While I understand your cost analysis of the Mac vs iOS devices SoCs, I think Apple probably do not much care about the cost of each die. It would have been factored into the final sale price of their respective products anyway. Besides for higher end Macs that comes with more expensive Intel CPUs and AMD GPUs, Apple may still come out ahead in terms of BOM costs for the higher end Macs.If they were planning ahead why didn't plan ahead to do a larger M1 die. Years ago also? If Apple chose to not allocation resources to do the work then it wouldn't be done. However, that non allocation would have been a planned choice. The issue if there was an early window for the M2 then there was an early window for M1 also. 00
The bigger issues that has problems is why M2-big would come before regular M2. If Apple needs a "bigger than A15" die to do 'pipe cleaning' of the new fab then the M2 is bigger. ( 120-130mm2 versus 80-90mm2 ). If they want can collect some M2's as -1 GPU and/or -1 P core to sell. And the M2 has a higher average selling price.
The other major problem with this "grand plan" is that the next generation A-series has to start high volume production every year in June so have them in relatively very large volume in late September. If the iPhone wasn't on a relatively rigid timeline then would be flex time to tweak the process with a pipecleaner. Other problem is that Apple needs hundreds if not thousands of A-series early for field validation testing around the world and validation testing. Cranking out numerous "risk production" A-series wafers anyway.
There is narrow window in the first couple of months of TSMC "at risk" production where there is probably a bigger impact of running through a 250-500mm2 dies though might help
To have had time to learn and adjust from the pipe cleaning exercise the bigger die production would have had to start back Jan-March time frame. There isn't much to validate that happened.
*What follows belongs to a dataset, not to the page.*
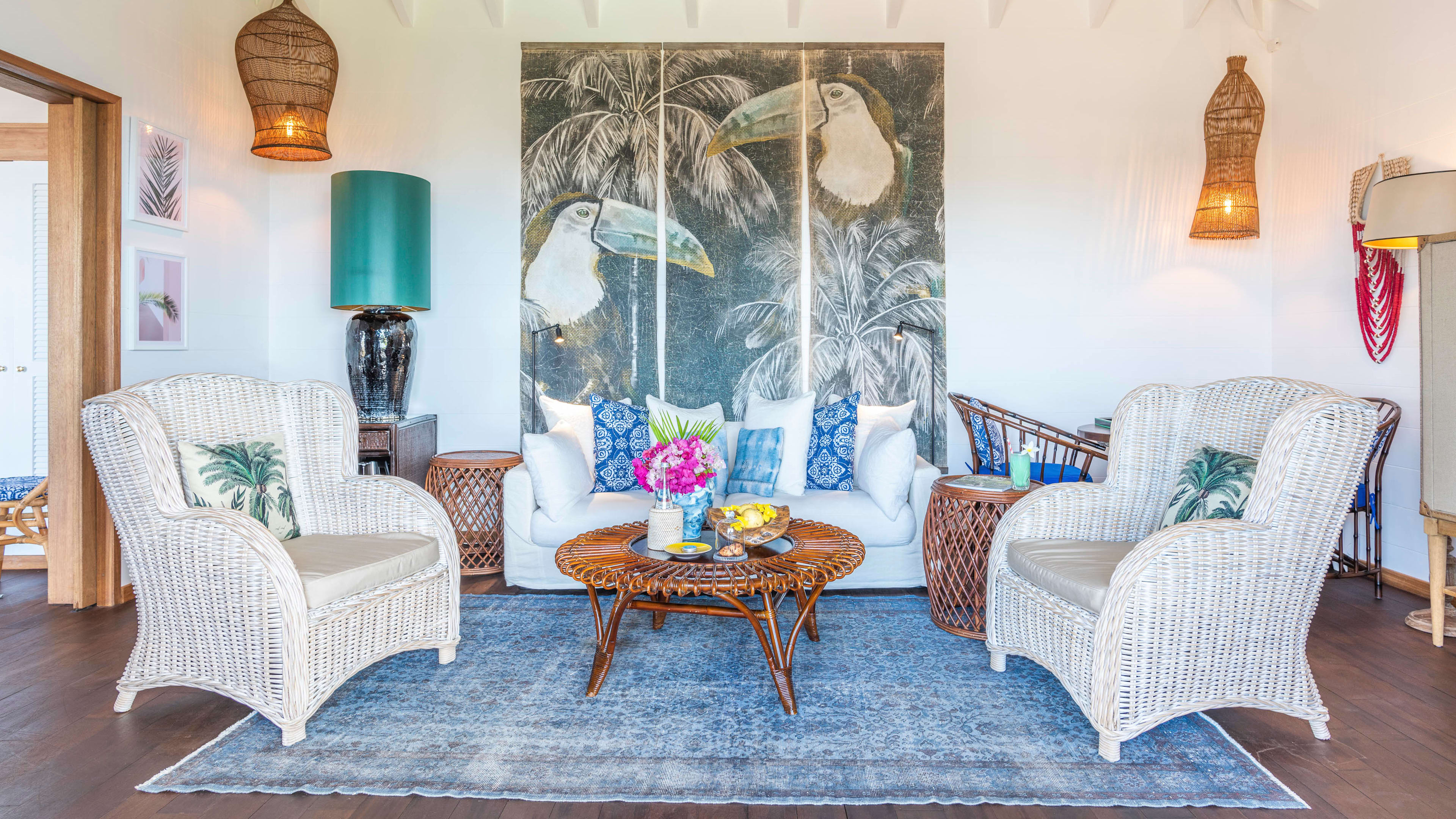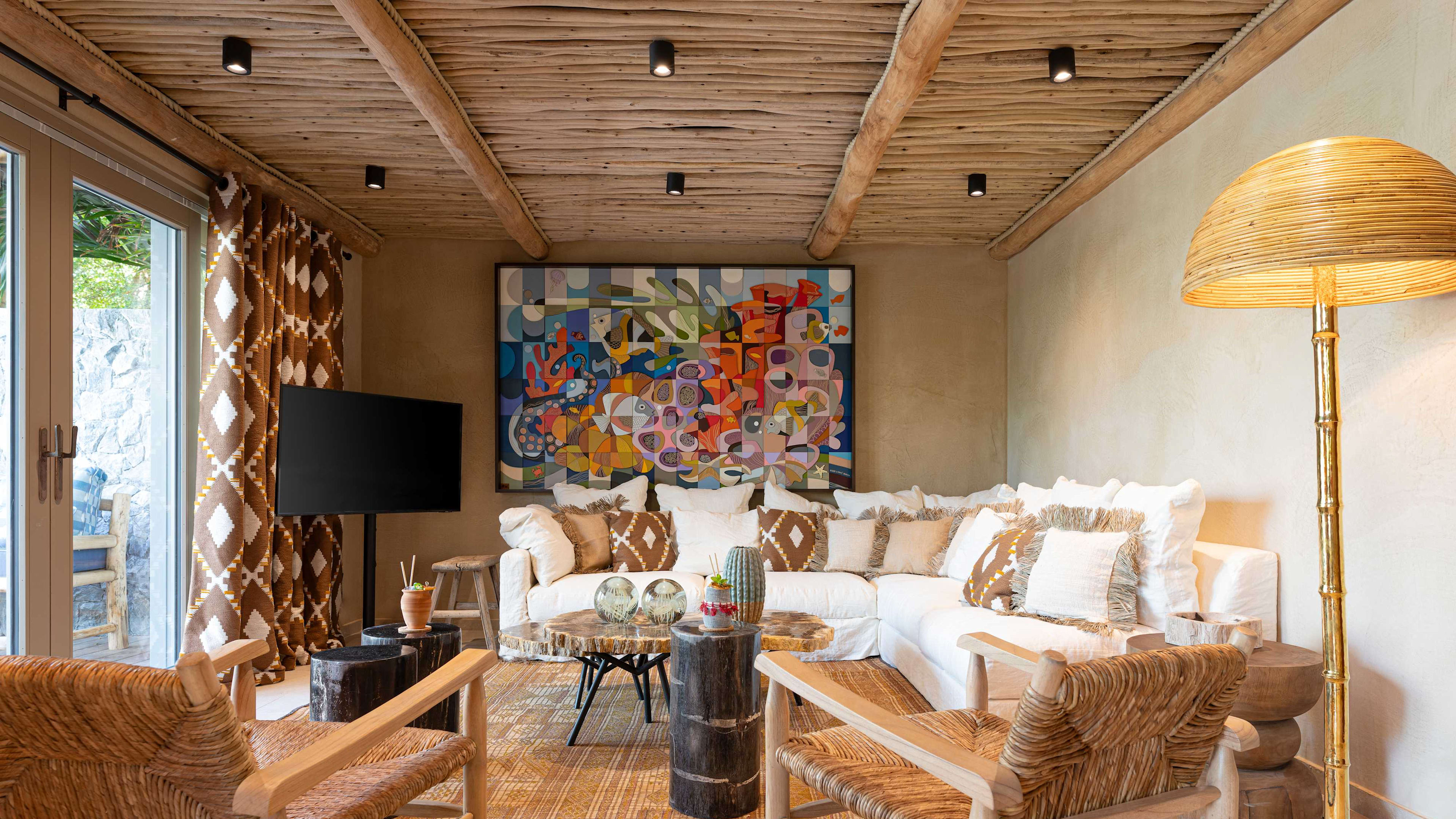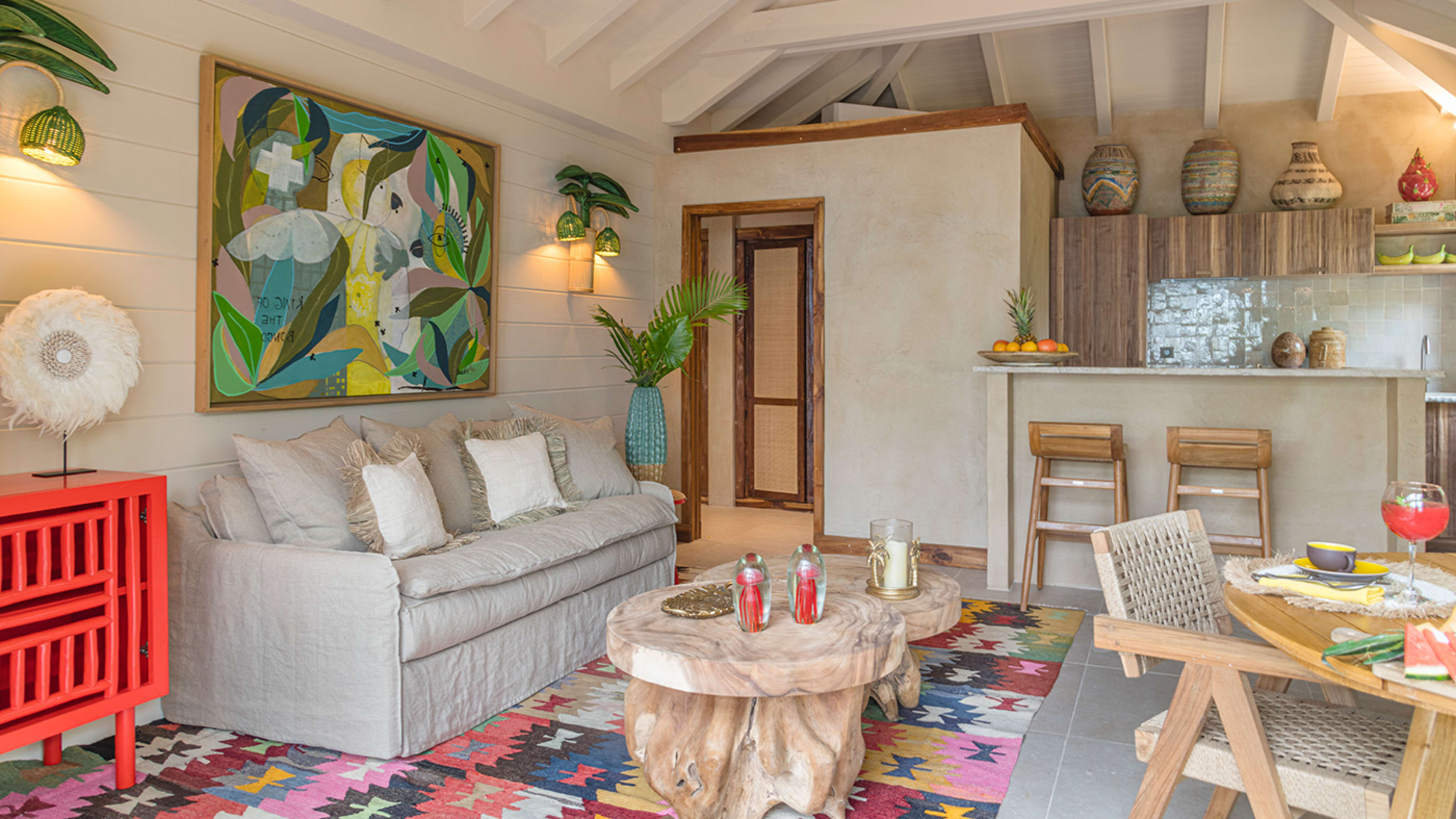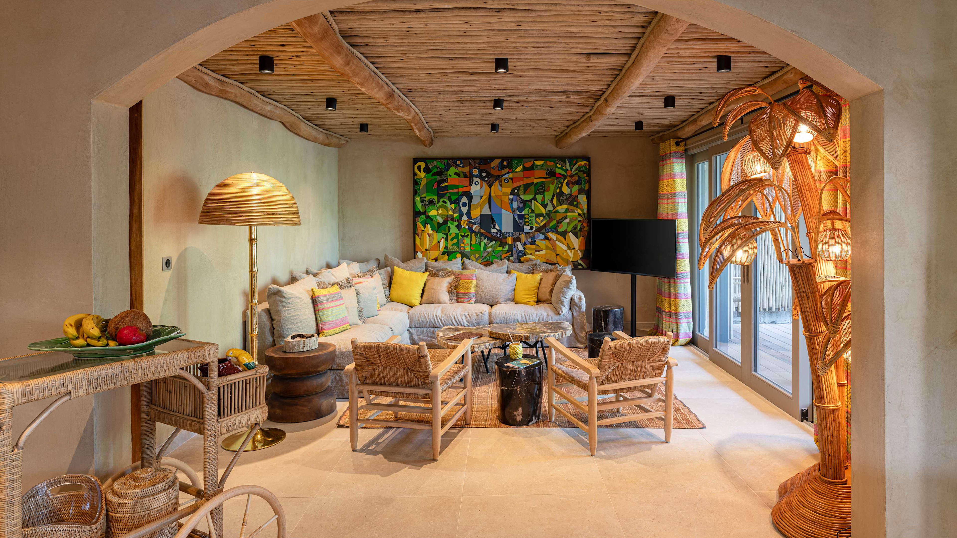 Cacti, mango trees and blooming bougainvillea surround the outdoor pool area that’s more vivid than a Pantone colour guide. Take a refreshing dip in the heated turquoise pool, then let the sun shine down on you as you recline below a lemon-yellow parasol, gazing up at clear-blue skies and lush green foliage; set beneath towering palm and banana trees, there’s always a shaded spot for some sunbathing.

The A-series sells in at least one, if not two or more, orders of magnitude higher volume than the bigger M-series die will. The bigger the M-series die the quite likely the bigger of order of magnitude difference. The A-series product line isn't some poor, impoverished product line. For example, $50 A-series processor sells 100M units then a 15% cut of that is $750M . A $350 M-series processor sells 10M units , then a 15% cut of that is $525M. There is actually more money in the A-series pot than that particular M unit.
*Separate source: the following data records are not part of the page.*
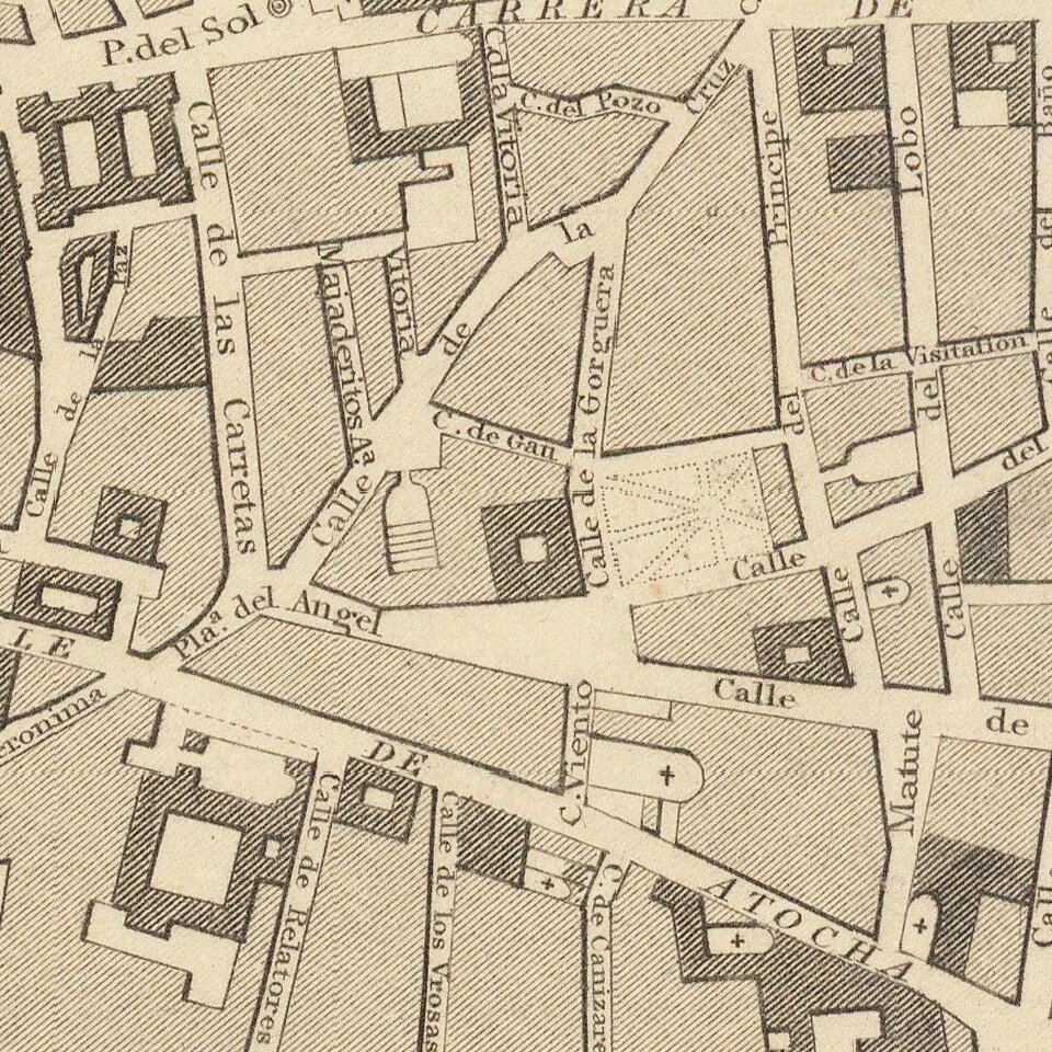 The largest and most central building depicted is El Escorial, the residence of the King of Spain, despite it not being located in Madrid but in nearby San Lorenzo. Other buildings portrayed are the Royal Palace, the Convent of the Salesas Reales, and the Church of San Norberto, the last of which is no longer standing.
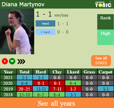Martynov has won exactly 50% of her matches (42-42) in the last 4 years. 1-1 on hard in 2021. In connection with her performance on the same surface of this competition, Martynov has a 18-18 match record in the last 4 years on hard.
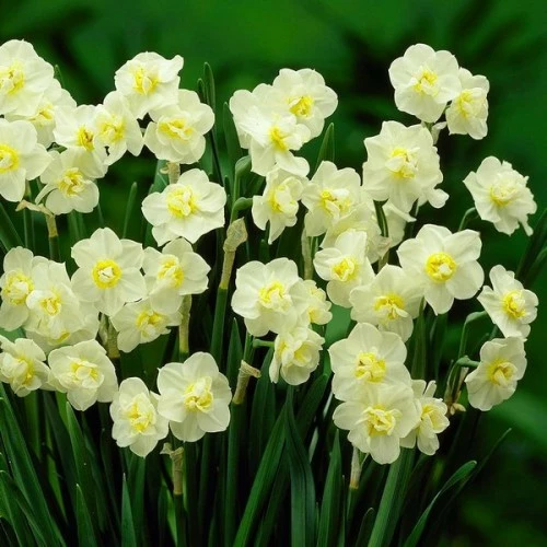 Многоцветковый нарцисс Cherfulness – луковичное, многолетнее, цветущее растение, которое активно используют для украшения клумб, для выращивания в горшках или контейнерах, а также для срезки в букеты. Имеют до 3-х соцветий на одном стебле, каждый из которых представляет собой кремово-белые, заостренные лепестки с бахромой по краям и желтой короной.
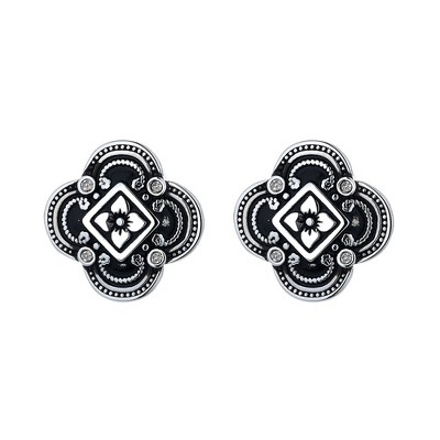 These earrings are a great display of art, and take their place as a classic accessory with a flower shape that's been oxidized for an aged look. They're a favorite among us, too! Show your unique style in these stud earrings. Handcrafted from sterling silver, these floral beauties feature an oxidized look and vintage feel that will complement any outfit. They’re also great for displaying art, making them trendy and modern.
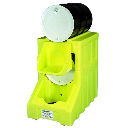' Drum Dispensing and Containment System, Number of Drums (2) 55 Gallon Drums, Height 33 In., Length 31 In., Width 53 In., Spill Capacity 66 gal., Material Polyethylene, Load Capacity 1600 lb., Yellow, Includes Dispensing Shelf With Drain Hole, Standards EPA 40 CFR 264.175 '
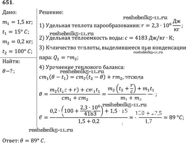 Готовая домашняя работа с ответами по Физике за 10, 11 класс Рымкевич Задачник УМК Дрофа 2013 ФГОС - Задачи 651
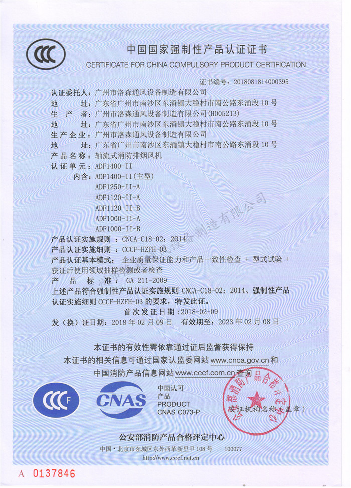 • CCCF證書-洛森風機180314軸流式消防排煙風機ADF1400-II(ADF1400-II~ADF1000-II-B)

The order of magnitude gap in units sold is that would need a processor up in the $1,000 range to make a difference. The vast majority of the Mac line up doesn't support that kind of price just for the main SoC die.
for a company like AMD that doesn't have a "mega scale" volume product to lean on would shifting costs onto a relativey very low run , very high mark up product make sense. Sure. For Apple... not really. Apple has die volume that the AMD of 10 years ago had wet dreams about.
As to the planning of the SoC design vs product placements, only Apple really knows. We’re just having fun here speculating ?.
At the moment, we’re probably conditioned by past releases and revenue share and assume iPhones will have priority over Macs. Well, Apple is rather well known to not follow traditional playbook.
Anyway, kind of disappointed tho. that no Apple Silicon Macs were announced today. Oh well.